[THE RECORDS Boundary: Start]
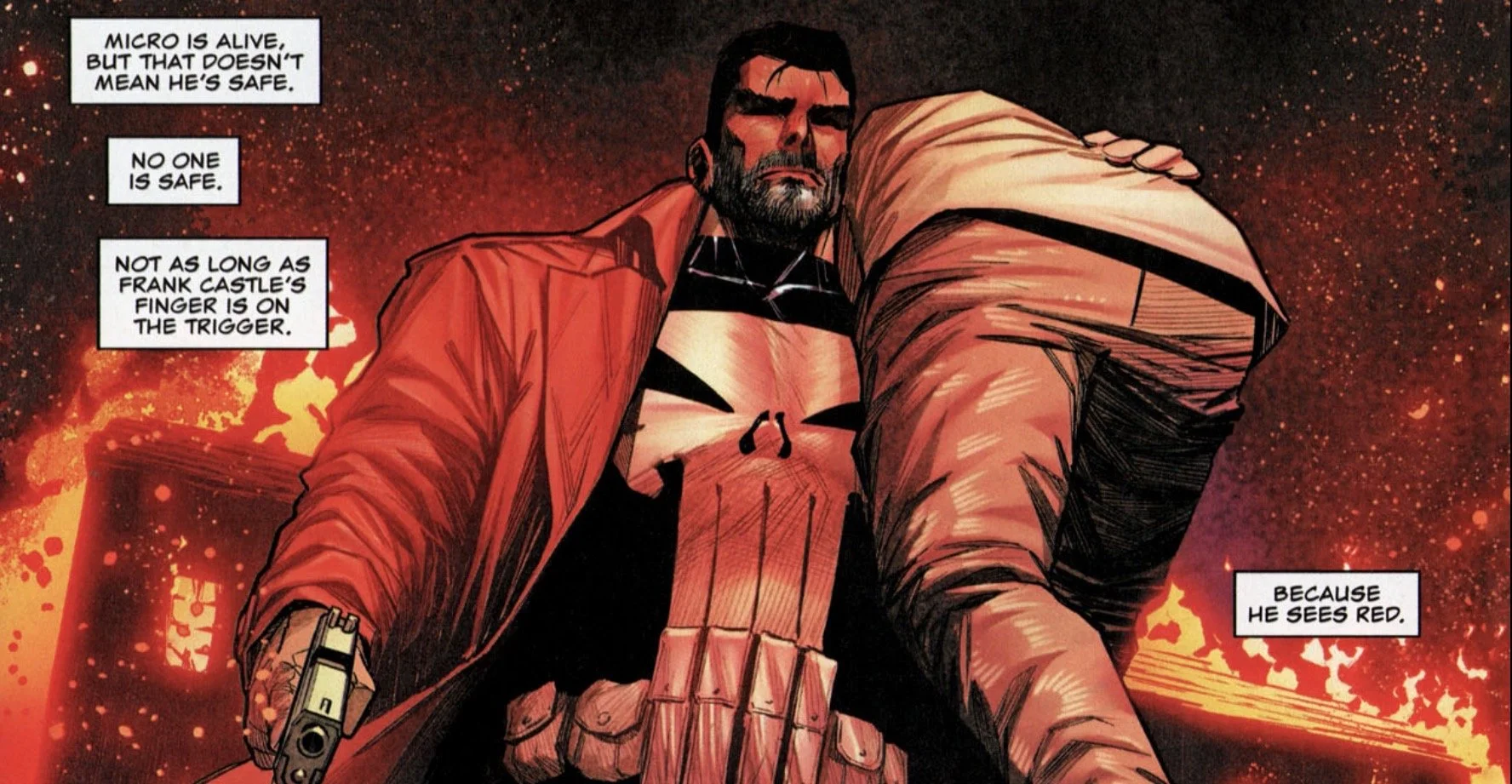 I know the Thomas Jane movie version of the Punisher has its detractors, but that was always one of my favorite things about it: Frank was a thinker and a planner, not just a mindless force of nature. Kudos to the creative team for bringing that version of the character back to the forefront.
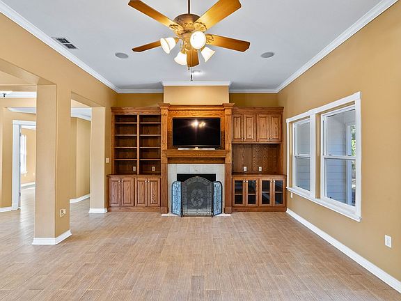 Charming Cottage in Spanish Woods. Tucked away on a peaceful cul-de-sac, this adorable cottage-style home at 113 Barcelona Drive welcomes you with an inviting covered front porch—perfect for relaxing and taking in the neighborhood charm. Inside, the split floor plan feels open and naturally bright, offering both comfort and functionality. The spacious living and dining areas are enhanced by a cozy fireplace and built-in bookshelves, creating the perfect spot to unwind or entertain. The kitchen features custom cabinetry and generous counter space, ideal for cooking, baking, and gathering. Guest bedrooms are comfortable and roomy. The primary retreat boasts a large walk in closet and private door to the porch and yard. Step through to the delightful screened-in porch—your new favorite place to enjoy morning coffee, reading, or quiet evenings surrounded by nature. An oversized attached garage with a workshop area provides ample space for hobbies, storage, or tinkering projects. The oversized yard is beautifully shaded with mature Live Oaks. This well-loved home blends character, comfort, and practicality in one inviting package. Come see why life in Spanish Woods is so special!
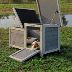 - WETTERFEST. Die beiden wasserfesten Dächer mit Bitumenbelag sorgen für trockene Aufenthalte. Sie sind aufklappbar und ermöglichen somit einen schnelleren Zugang zu Ihrem Tier und erleichtern die Reinigung des Kaninchenstalls
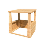 3-sided cedar pavilion is a stand-alone shelter featuring 1 large open side and 3 'windowed' sides. Alone the pavilion is a wonderful shop, home, theatre, restaurant etc... The Just Playing pavilion is also a perfect addition to the Just Playing Playhouse. The windows align perfectly to create an inviting 2 or 3 room bungalow or a 2 or 3 side-by-side condo/apartment complex.
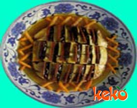 2.鸭晾凉后剔去骨头,鸭肉切成长4 厘米、宽1 厘米的条状,鸭皮朝下整齐的摆在大碗中(不要太满);
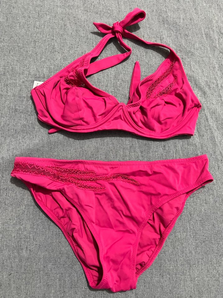 Dantelli detaylara sahip, askılı pembe bikini, plajda kullanıma uygun modern tarzda ve vücuda oturan kesimde.
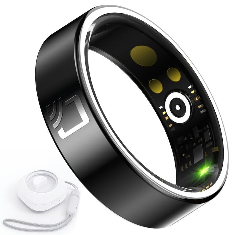 R20 Ceramic Resin Health Monitoring Smart Ring with Charging Case, Sports Monitoring, Photo Shutter - IP68 Waterproof, Bluetooth 5.0
[THE RECORDS Boundary: End]
Leave out the pictures and copy everything else in the records word for word.

→ EXERCISE RESPONSE:
 I know the Thomas Jane movie version of the Punisher has its detractors, but that was always one of my favorite things about it: Frank was a thinker and a planner, not just a mindless force of nature. Kudos to the creative team for bringing that version of the character back to the forefront.
 Charming Cottage in Spanish Woods. Tucked away on a peaceful cul-de-sac, this adorable cottage-style home at 113 Barcelona Drive welcomes you with an inviting covered front porch—perfect for relaxing and taking in the neighborhood charm. Inside, the split floor plan feels open and naturally bright, offering both comfort and functionality. The spacious living and dining areas are enhanced by a cozy fireplace and built-in bookshelves, creating the perfect spot to unwind or entertain. The kitchen features custom cabinetry and generous counter space, ideal for cooking, baking, and gathering. Guest bedrooms are comfortable and roomy. The primary retreat boasts a large walk in closet and private door to the porch and yard. Step through to the delightful screened-in porch—your new favorite place to enjoy morning coffee, reading, or quiet evenings surrounded by nature. An oversized attached garage with a workshop area provides ample space for hobbies, storage, or tinkering projects. The oversized yard is beautifully shaded with mature Live Oaks. This well-loved home blends character, comfort, and practicality in one inviting package. Come see why life in Spanish Woods is so special!
 - WETTERFEST. Die beiden wasserfesten Dächer mit Bitumenbelag sorgen für trockene Aufenthalte. Sie sind aufklappbar und ermöglichen somit einen schnelleren Zugang zu Ihrem Tier und erleichtern die Reinigung des Kaninchenstalls
 3-sided cedar pavilion is a stand-alone shelter featuring 1 large open side and 3 'windowed' sides. Alone the pavilion is a wonderful shop, home, theatre, restaurant etc... The Just Playing pavilion is also a perfect addition to the Just Playing Playhouse. The windows align perfectly to create an inviting 2 or 3 room bungalow or a 2 or 3 side-by-side condo/apartment complex.
 2.鸭晾凉后剔去骨头,鸭肉切成长4 厘米、宽1 厘米的条状,鸭皮朝下整齐的摆在大碗中(不要太满);
 Dantelli detaylara sahip, askılı pembe bikini, plajda kullanıma uygun modern tarzda ve vücuda oturan kesimde.
 R20 Ceramic Resin Health Monitoring Smart Ring with Charging Case, Sports Monitoring, Photo Shutter - IP68 Waterproof, Bluetooth 5.0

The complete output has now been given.